Это означало, что в XVIII в. в Европе действовало два режима уравновешивания сил. Когда абсолютистские государства по-прежнему преследовали политику территориального равновесия, разделов и компенсаций, парламентская Британия стремилась поддерживать равновесие европейской системы посредством непрямых интервенций, осуществляющихся в форме субсидий или пособий более мелким странам, что позволяло преграждать путь имперским и гегемонным амбициям [McKay, Scott. 1983. R 96][227]
. Нейтралитет Британии в войне за польское наследство (1733–1738) стал явным показателем ее дистанцирования по отношению к результатам системыВо всех крупных войнах XVIII в. правительство тратило значительные суммы на субсидирование иностранных войск, которые сражались в его интересах. В период Войны за испанское наследство более семи миллионов фунтов стерлингов, то есть 25 % всех средств, выделенных парламентом на армию, было направлено на иностранные субсидии. Точно так же в период между началом «Войны из-за уха Дженкинса» (1739 г.) и концом Семилетней войны (1763 г.) на иностранных солдат было потрачено примерно 17,5 миллионов фунтов стерлингов, или 21 % принятого военного бюджета.

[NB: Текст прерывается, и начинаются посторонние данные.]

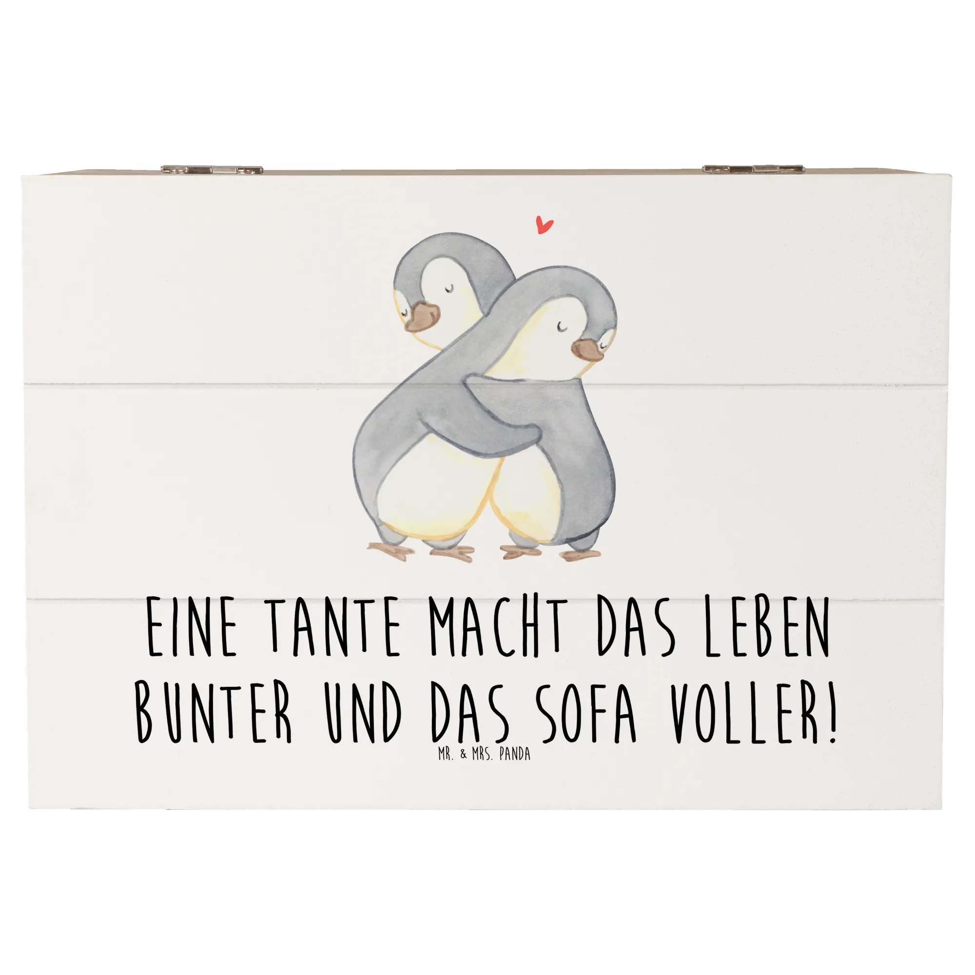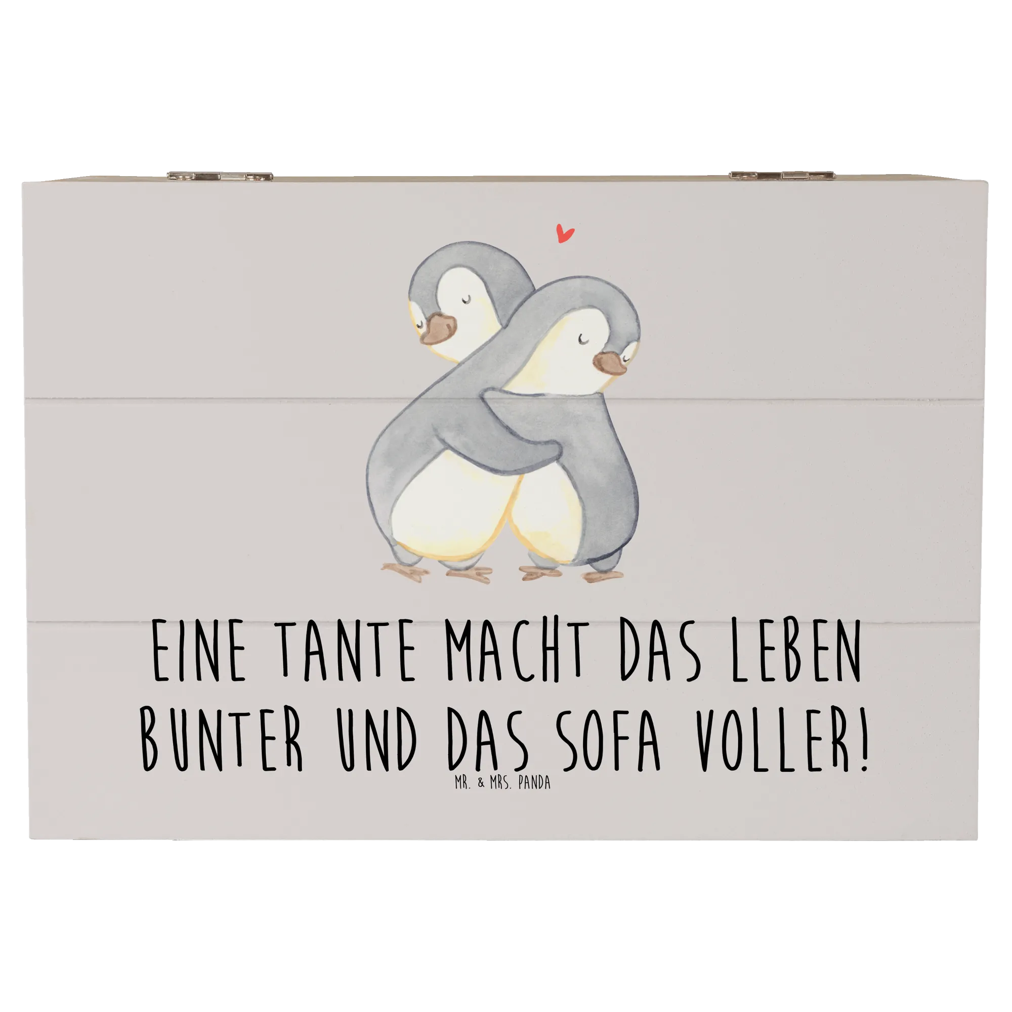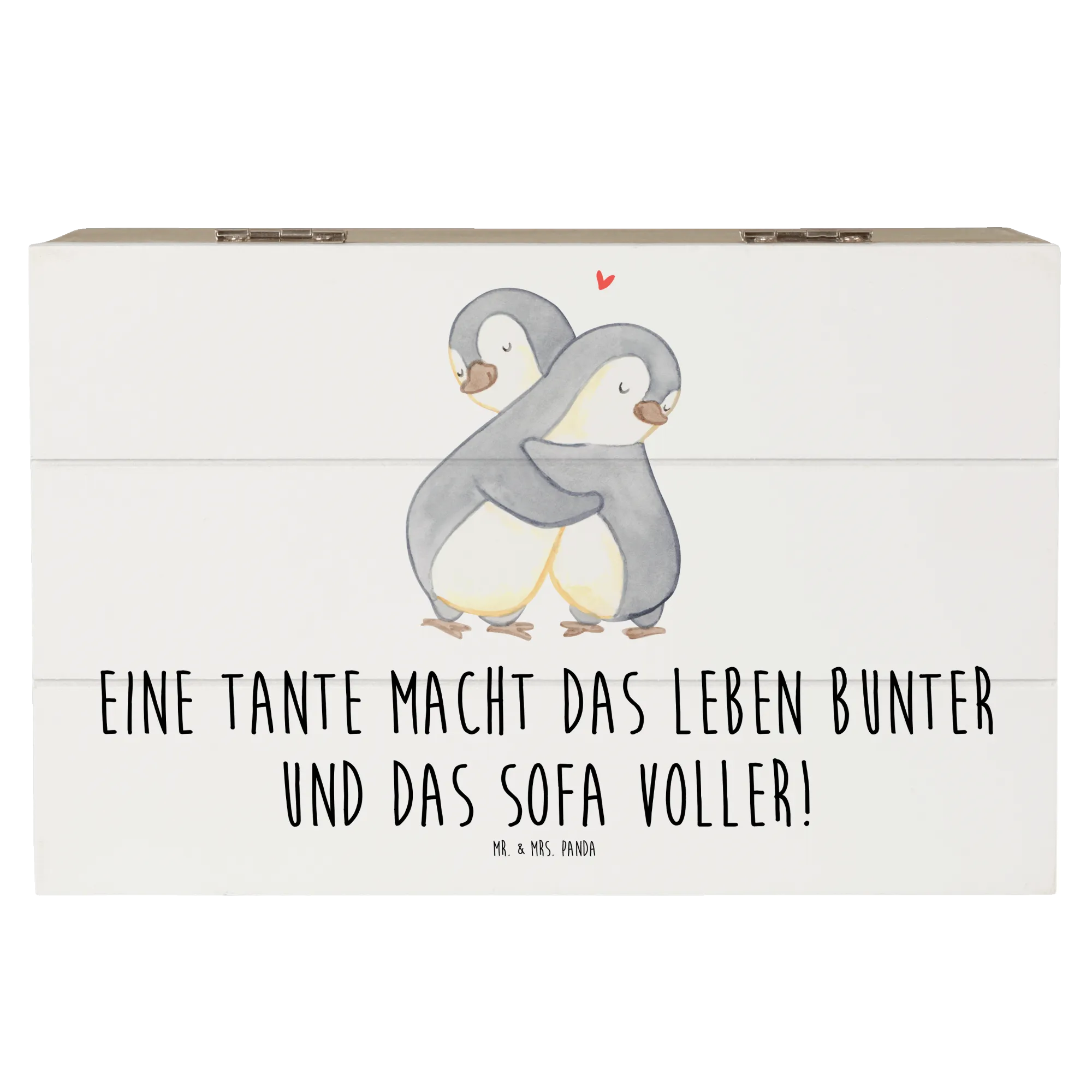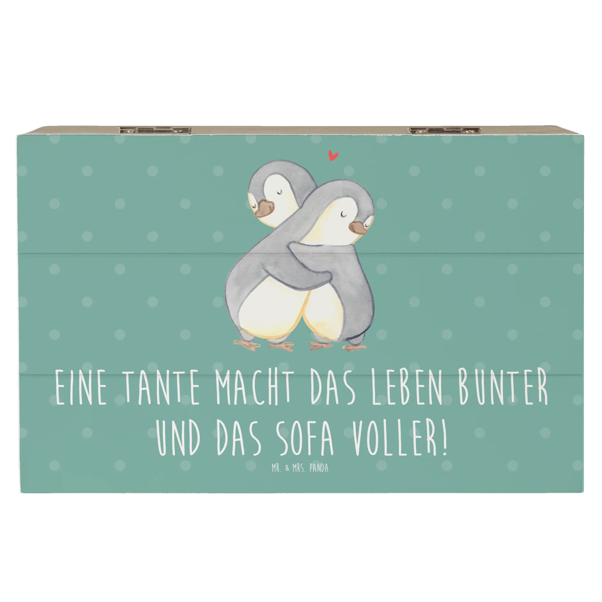 Die wunderschöne Holzkiste von Mr. & Mrs. Panda mit dem Motto 'Eine Tante macht das Leben bunter und das Sofa voller!' ist das perfekte Geschenk für all die tollen Tanten da draußen. Diese bezaubernde Kiste ist nicht nur ein praktischer Aufbewahrungsort für Erinnerungen, sondern trägt auch die einzigartige Botschaft, die die wichtige Rolle von Tanten in unserem Leben zelebriert.
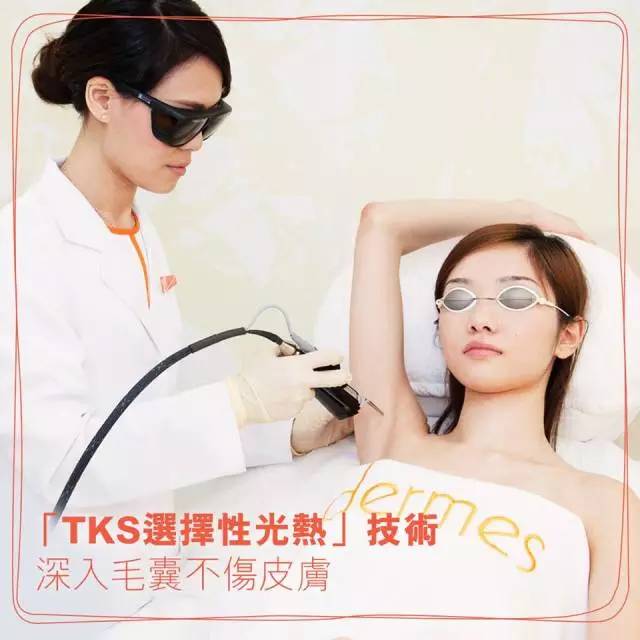 dermes的“选择性光热技术”能深入毛囊,将只会被黑色素吸收的光能转为热能,光能安全地沿着毛发进入毛囊,抑止其生发能力,达到持久的脱毛效果。

Между 1702 и 1763 гг. британское правительство на те же цели потратило более 24,5 миллионов фунтов стерлингов. Иногда эти деньги выплачивались небольшим корпусам иностранных войск, которые сражались в рамках союзных армий вместе с британцами; иногда же, как во время Семилетней войны, субсидии шли целым армиям, например сорокатысячной армии герцога Брюнсвика [Brewer. 1989. R 32].
Хотя этот метод, естественно, был весьма затратным и вызывал много споров, на деле он оказался эффективным и вполне реализуемым. Война за австрийское наследство «стоила Британии 43 миллионов фунтов стерлингов, 30 из которых были добавлены к национальному долгу. Поскольку поземельный налог составлял 4 шиллинга к каждому из этих фунтов, алармисты в правительстве забили тревогу и хотели уже объявить о национальном банкротстве» [McKay, Scott. 1983. Р. 172–173]. Однако Британия могла нести это тяжелое финансовое бремя, тогда как французская система, несмотря на большую численность налогооблагаемого населения, рухнула. Та же самая схема снова и снова повторялась в англо-французских конфликтах XVIII в.
Внимание к различиям реакций Франции и Британии на войну чрезвычайно важно, если мы желаем избежать обычной ошибки, совершаемой тогда, когда два этих государства сводят к одной модели политического устройства, управляемого войной. Очевидно, что Британия в XVIII в. стала не только крупнейшей европейской державой, но и «фискально-военным» государством [Brewer. 1989] – воинственным, милитаризованным, находящимся почти все время в состоянии войны, как и другие сравнимые с ним европейские государства. Это заставило многих комментаторов, относящихся к традиции Вебера – Хинце, опустить структурные различия Британии и остальных стран континента. Например, по Майклу Манну, формирование в Британии раннего Нового времени государства, постоянно находящегося в состоянии войны, стало, по существу, результатом геополитической конкуренции. Хотя Британия была конституционным режимом, именно ее привилегированное геостратегическое положение освободило ее от необходимости иметь постоянную армию[228]
. Однако, по Манну, акцент на «постоянном флоте» и общее стремление к формированию фискального государства, исходно нацеленного на войну, минимизируют различия конституционного и абсолютистского режимов, поскольку оба они подчинены давлению геополитической конкуренции. Манн приходит к тому выводу, что «рост размера государства на протяжении всего этого периода [1130–1815 гг.] обеспечивался, главным образом, войной и лишь частично – внутренним развитием» [Mann. 1988с. Р. 110; 1986. Р. 478])[229].